Why Microcontrollers are a good AI companion
This YouTube video discusses the implications of artificial intelligence (AI) on microcontroller projects and programming in general. Key takeaways include:
AI and Rules:
- AI excels at finding rules (pattern recognition), not defining them. Humans define rules through strategic decision-making and choices, a process AI currently cannot replicate. This is a crucial distinction, emphasizing the human element in high-level decision-making and strategy.
- Three types of rules: Created rules (ethical, legal, etc.), discovered rules (physical laws), and formulas (mathematical equations). AI’s strength lies in discovering rules from data.

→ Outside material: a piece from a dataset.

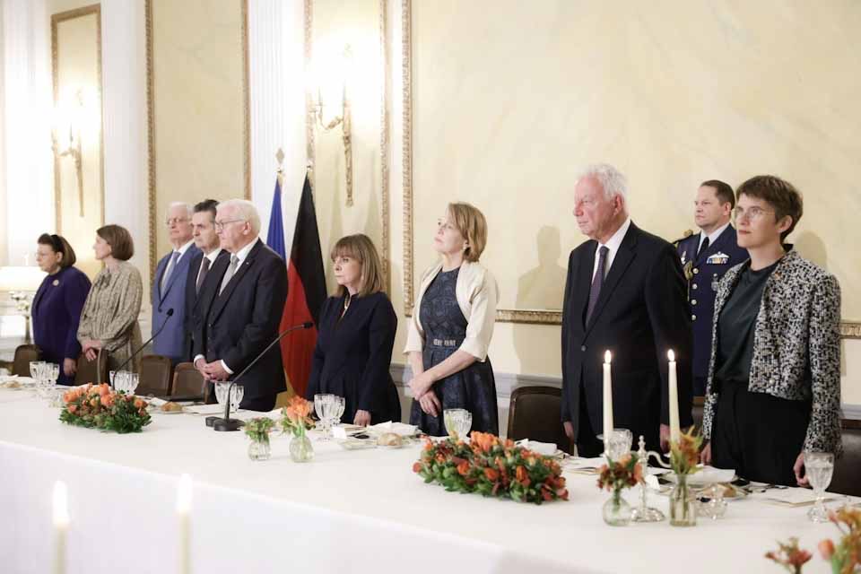 Η κυρία Σακελλαροπούλου, απευθυνόμενη στον Γερμανό Πρόεδρο και την σύζυγό του, σημείωσε ότι η επίσκεψή τους αποτελεί επιστέγασμα των στενών δεσμών φιλίας που συνδέουν τους δύο λαούς, καθώς και της εποικοδομητικής συνεργασίας μας σε όλους τους τομείς και πρόσθεσε ότι τους υποδέχεται με ιδιαίτερη χαρά στην Αθήνα, σε ανταπόδοση της επίσκεψής της στο Βερολίνο, πριν από δύο χρόνια, από την οποία διατηρεί άριστες αναμνήσεις.

- AI’s two phases: Training (learning rules from data) and inference (applying learned rules). Training is resource-intensive; inference is relatively efficient.
AI and Programming:
- AI as a new compiler: AI can automate parts of programming by generating code based on prompts (a new programming language). However, writing effective prompts requires human skill and understanding of the problem.
- AI’s role in automating existing processes: AI can learn rules from past transactions to automate business processes without writing conventional code. This saves time and resources in implementing existing rules.

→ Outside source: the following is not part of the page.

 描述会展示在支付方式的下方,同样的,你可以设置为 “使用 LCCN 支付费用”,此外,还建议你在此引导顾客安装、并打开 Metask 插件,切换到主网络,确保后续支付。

- Challenges of replacing conventional programming with AI: AI systems are not always predictable, may “hallucinate” (produce incorrect outputs), and pose challenges for testing and ensuring compliance with regulations.
A Hybrid Approach:
- AI agents as orchestrators: A blend of AI and conventional programming is suggested. AI agents can decide which conventional systems are needed, generate specifications, and manage the execution, while existing systems handle the precise, predictable tasks. This combines AI’s pattern recognition with the reliability of conventional programming.

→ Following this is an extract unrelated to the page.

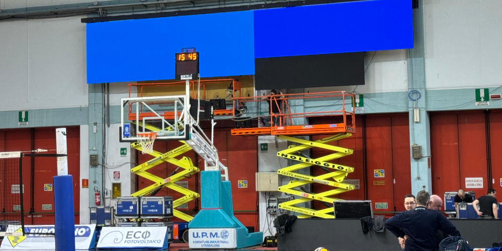 Da mercoledì l’azienda Dna Communication di Ghedi ha iniziato a montare il ledwall di 11 metri per 3, che coprirà la parete nord del palazzetto. Un notevole upgrade sia in termini estetitici che tecnologici. Alle porte un week end che farà da battesimo di fuoco per il tabellone che deve essere tassativamente pronto la mattina del sabato, si parte infatti nel pomeriggio con il match tra Ferraroni Juvi Cremona e Gruppo Mascio Treviglio in programma alle ore 18:00.

- N8n and similar frameworks: These tools facilitate the integration of AI agents with existing business systems.
Microcontrollers and AI:
- Practical application: The video demonstrates a project using an ESP32-CAM, a cloud AI service (ChatGPT API), and a motion sensor to control a cat water fountain. Only when a cat is detected does the pump activate. This illustrates how microcontrollers can connect AI to the physical world.
- Future potential: The presenter envisions future applications like automated garage door opening based on license plate recognition or preventing pets from entering a cat door with undesirable items.
Overall:
The video argues that AI won’t replace programmers entirely but will significantly change the nature of programming. The future likely involves a hybrid approach, leveraging AI’s strengths in pattern recognition and automation while relying on conventional systems for precision, reliability, and compliance. Microcontrollers will play a crucial role in bridging the gap between AI and the physical world.